**What to produce:** Each line of the data must be given back verbatim, with pictures removed.

**Recorded information:**

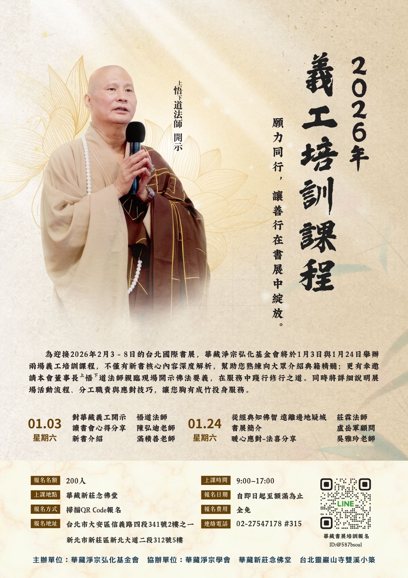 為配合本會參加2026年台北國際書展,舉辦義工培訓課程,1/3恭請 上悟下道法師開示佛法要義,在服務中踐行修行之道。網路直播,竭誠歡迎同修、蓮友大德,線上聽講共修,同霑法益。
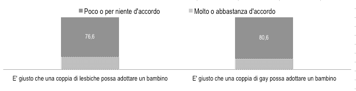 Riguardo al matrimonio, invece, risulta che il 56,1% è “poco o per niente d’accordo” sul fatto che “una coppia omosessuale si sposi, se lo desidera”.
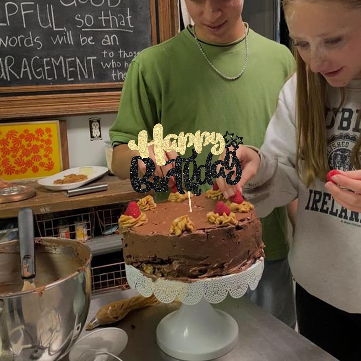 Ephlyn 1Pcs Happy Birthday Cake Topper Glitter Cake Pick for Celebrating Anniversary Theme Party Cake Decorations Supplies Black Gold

**Written reply:**
 為配合本會參加2026年台北國際書展,舉辦義工培訓課程,1/3恭請 上悟下道法師開示佛法要義,在服務中踐行修行之道。網路直播,竭誠歡迎同修、蓮友大德,線上聽講共修,同霑法益。
 Riguardo al matrimonio, invece, risulta che il 56,1% è “poco o per niente d’accordo” sul fatto che “una coppia omosessuale si sposi, se lo desidera”.
 Ephlyn 1Pcs Happy Birthday Cake Topper Glitter Cake Pick for Celebrating Anniversary Theme Party Cake Decorations Supplies Black Gold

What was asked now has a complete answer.